Start of Data shown

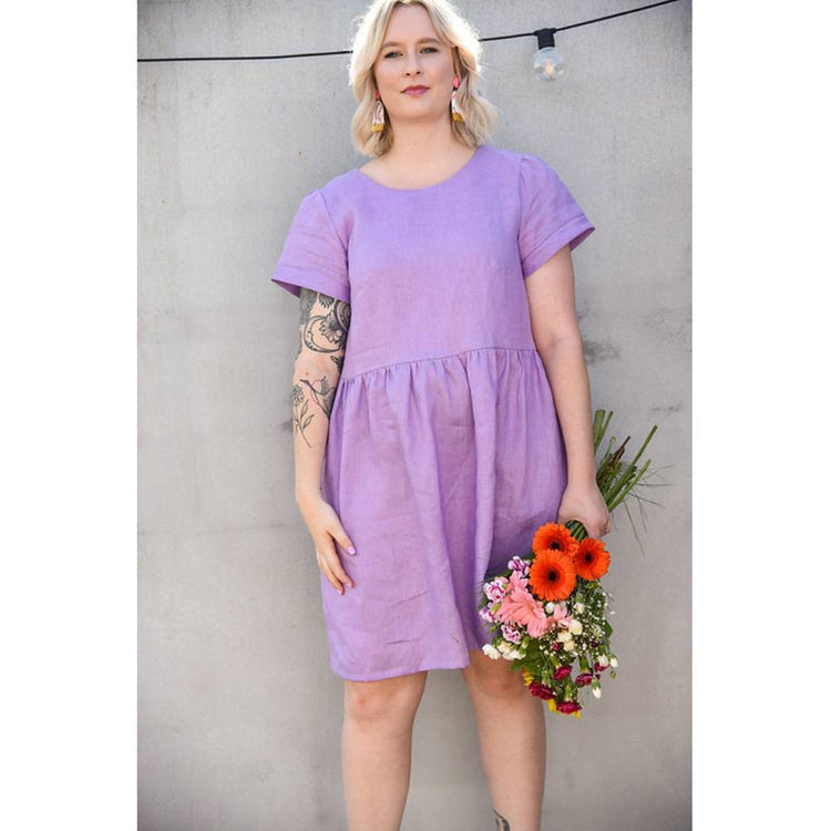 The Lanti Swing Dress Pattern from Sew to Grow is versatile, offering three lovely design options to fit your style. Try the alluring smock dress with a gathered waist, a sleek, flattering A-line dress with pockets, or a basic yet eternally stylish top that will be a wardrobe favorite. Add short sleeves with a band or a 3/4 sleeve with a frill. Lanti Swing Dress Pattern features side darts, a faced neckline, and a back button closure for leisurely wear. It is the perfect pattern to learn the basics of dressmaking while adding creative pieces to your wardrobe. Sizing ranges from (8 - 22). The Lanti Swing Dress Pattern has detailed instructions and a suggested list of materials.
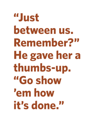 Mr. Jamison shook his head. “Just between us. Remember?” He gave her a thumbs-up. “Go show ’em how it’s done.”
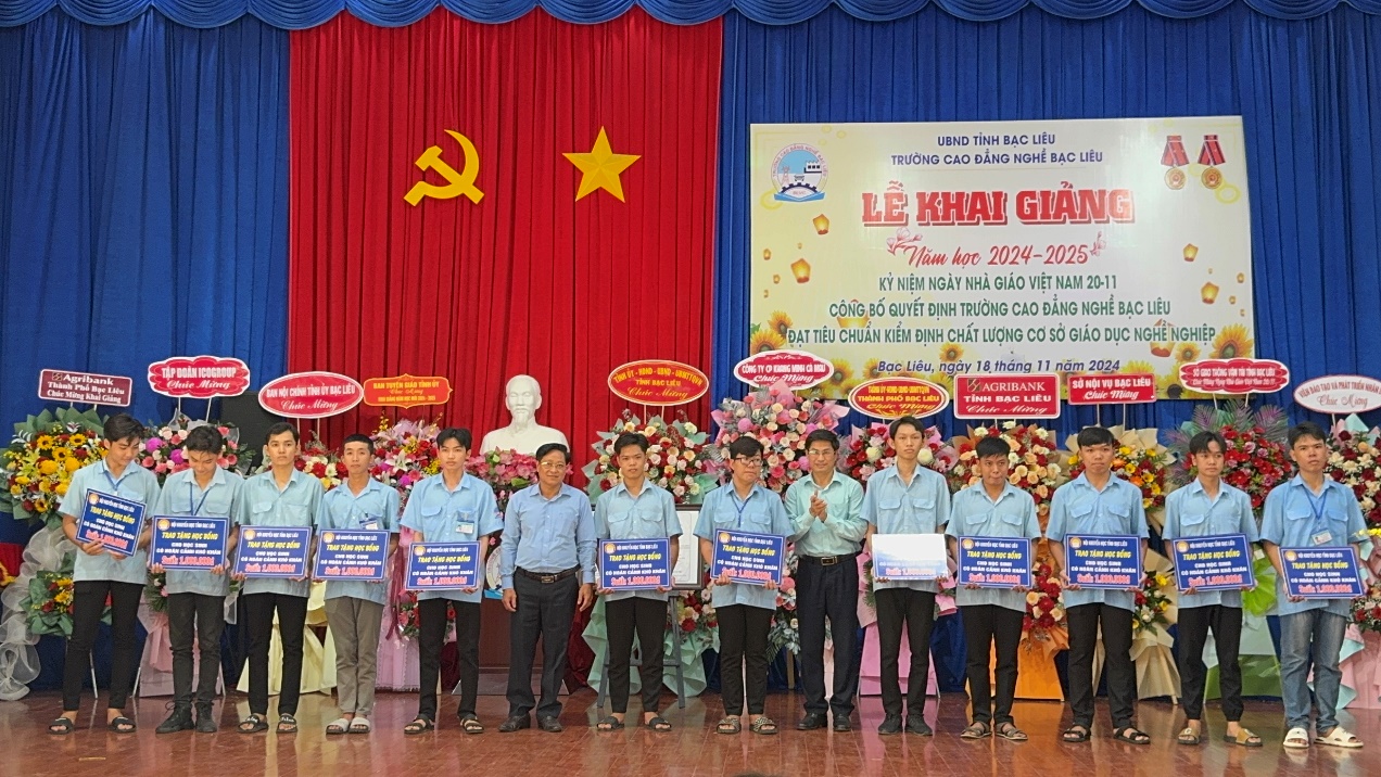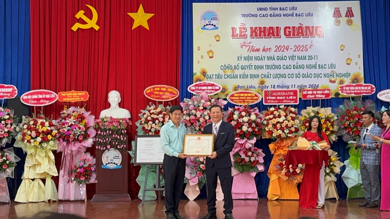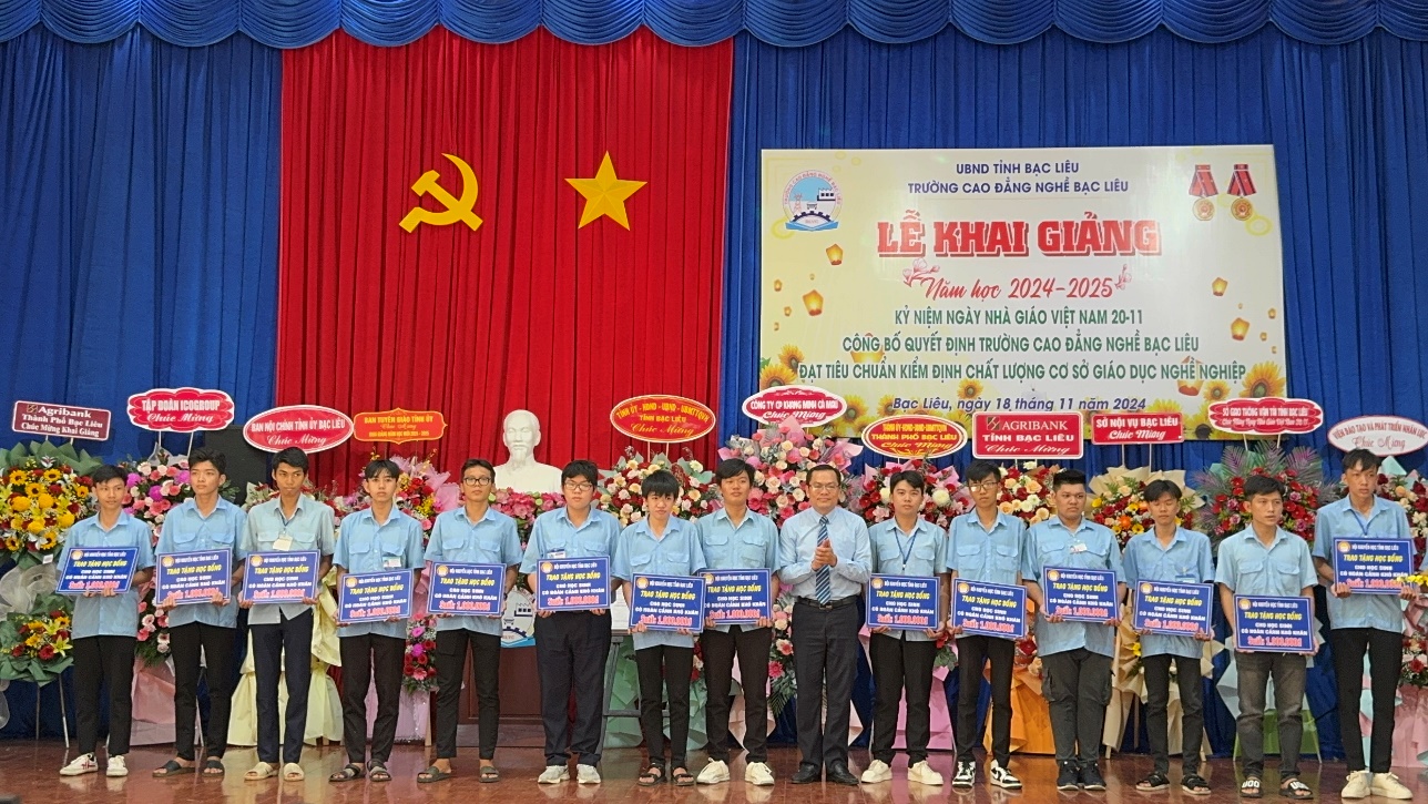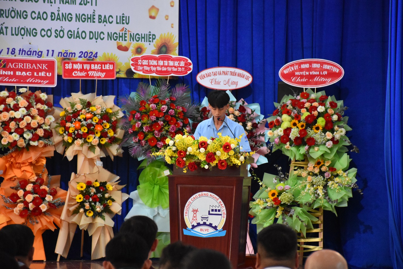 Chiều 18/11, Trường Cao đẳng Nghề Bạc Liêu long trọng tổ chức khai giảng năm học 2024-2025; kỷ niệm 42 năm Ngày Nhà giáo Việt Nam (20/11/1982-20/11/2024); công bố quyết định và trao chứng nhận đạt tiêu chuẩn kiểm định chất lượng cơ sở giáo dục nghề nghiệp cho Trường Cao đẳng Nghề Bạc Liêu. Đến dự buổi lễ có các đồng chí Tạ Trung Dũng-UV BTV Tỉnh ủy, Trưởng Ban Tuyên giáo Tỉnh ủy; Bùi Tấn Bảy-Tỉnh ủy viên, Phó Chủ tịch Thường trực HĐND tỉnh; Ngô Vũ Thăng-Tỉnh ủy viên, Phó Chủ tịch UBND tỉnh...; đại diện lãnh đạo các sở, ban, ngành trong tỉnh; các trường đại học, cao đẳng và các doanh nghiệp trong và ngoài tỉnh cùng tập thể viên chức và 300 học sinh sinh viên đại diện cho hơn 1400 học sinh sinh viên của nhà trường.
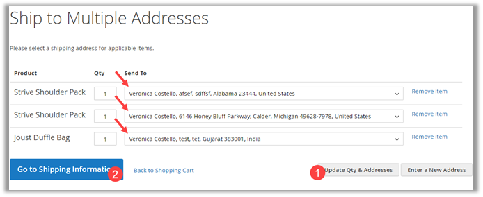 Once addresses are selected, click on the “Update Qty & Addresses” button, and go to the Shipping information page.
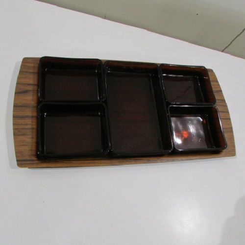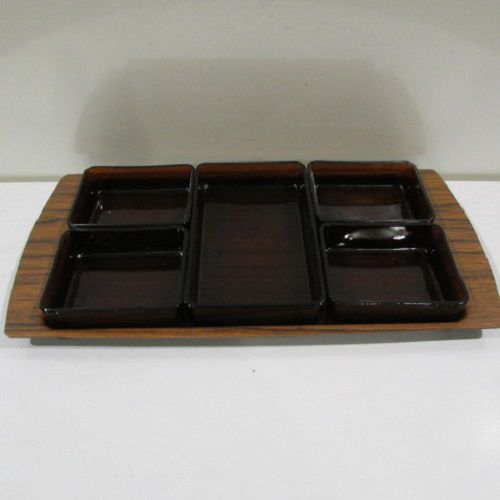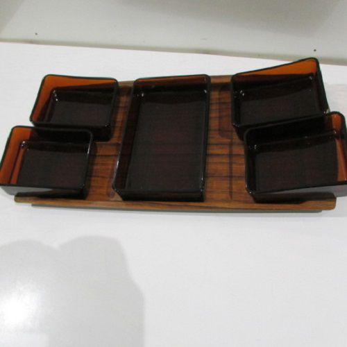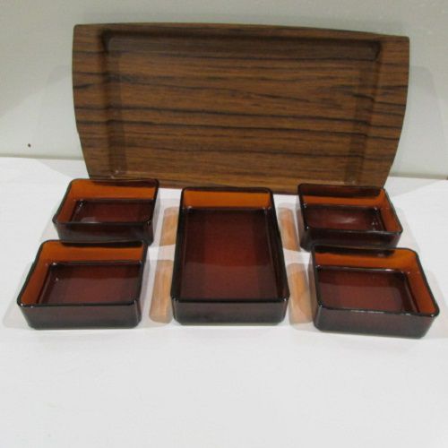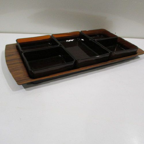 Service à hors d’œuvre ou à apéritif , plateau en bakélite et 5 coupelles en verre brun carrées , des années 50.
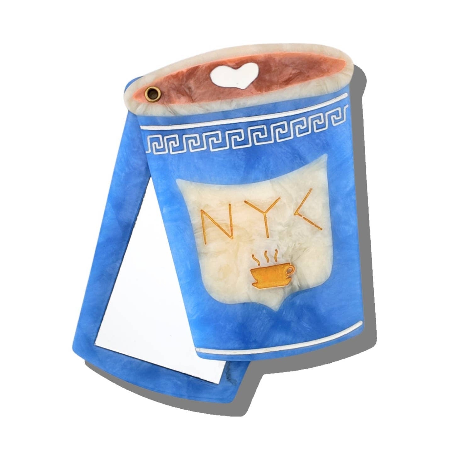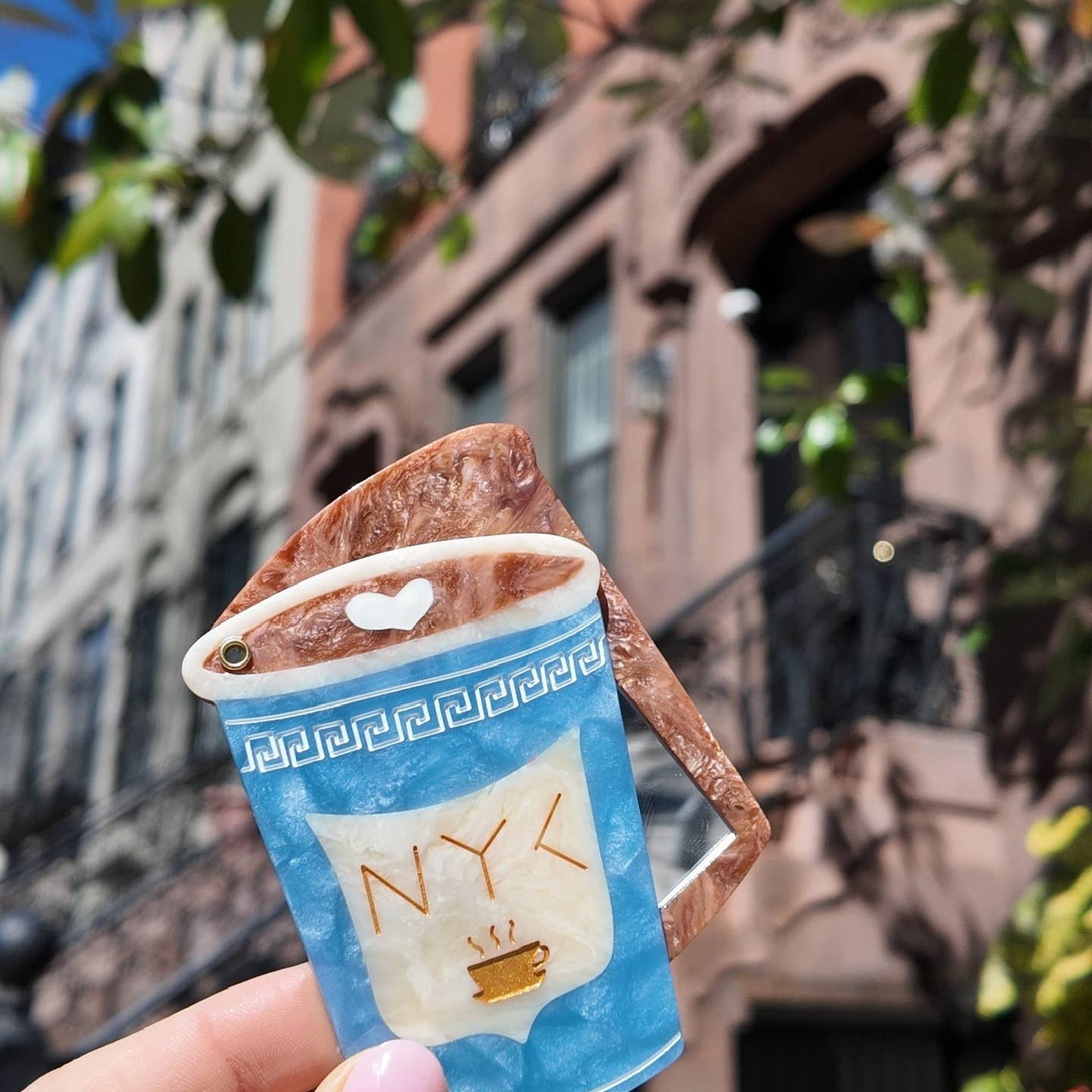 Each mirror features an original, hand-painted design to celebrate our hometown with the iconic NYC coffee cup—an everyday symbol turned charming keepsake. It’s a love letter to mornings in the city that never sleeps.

End of Data shown

Task goal: Please transcribe every entry above exactly, leaving out any pictures.

Completed exercise:
 The Lanti Swing Dress Pattern from Sew to Grow is versatile, offering three lovely design options to fit your style. Try the alluring smock dress with a gathered waist, a sleek, flattering A-line dress with pockets, or a basic yet eternally stylish top that will be a wardrobe favorite. Add short sleeves with a band or a 3/4 sleeve with a frill. Lanti Swing Dress Pattern features side darts, a faced neckline, and a back button closure for leisurely wear. It is the perfect pattern to learn the basics of dressmaking while adding creative pieces to your wardrobe. Sizing ranges from (8 - 22). The Lanti Swing Dress Pattern has detailed instructions and a suggested list of materials.
 Mr. Jamison shook his head. “Just between us. Remember?” He gave her a thumbs-up. “Go show ’em how it’s done.”
 Chiều 18/11, Trường Cao đẳng Nghề Bạc Liêu long trọng tổ chức khai giảng năm học 2024-2025; kỷ niệm 42 năm Ngày Nhà giáo Việt Nam (20/11/1982-20/11/2024); công bố quyết định và trao chứng nhận đạt tiêu chuẩn kiểm định chất lượng cơ sở giáo dục nghề nghiệp cho Trường Cao đẳng Nghề Bạc Liêu. Đến dự buổi lễ có các đồng chí Tạ Trung Dũng-UV BTV Tỉnh ủy, Trưởng Ban Tuyên giáo Tỉnh ủy; Bùi Tấn Bảy-Tỉnh ủy viên, Phó Chủ tịch Thường trực HĐND tỉnh; Ngô Vũ Thăng-Tỉnh ủy viên, Phó Chủ tịch UBND tỉnh...; đại diện lãnh đạo các sở, ban, ngành trong tỉnh; các trường đại học, cao đẳng và các doanh nghiệp trong và ngoài tỉnh cùng tập thể viên chức và 300 học sinh sinh viên đại diện cho hơn 1400 học sinh sinh viên của nhà trường.
 Once addresses are selected, click on the “Update Qty & Addresses” button, and go to the Shipping information page.
 Service à hors d’œuvre ou à apéritif , plateau en bakélite et 5 coupelles en verre brun carrées , des années 50.
 Each mirror features an original, hand-painted design to celebrate our hometown with the iconic NYC coffee cup—an everyday symbol turned charming keepsake. It’s a love letter to mornings in the city that never sleeps.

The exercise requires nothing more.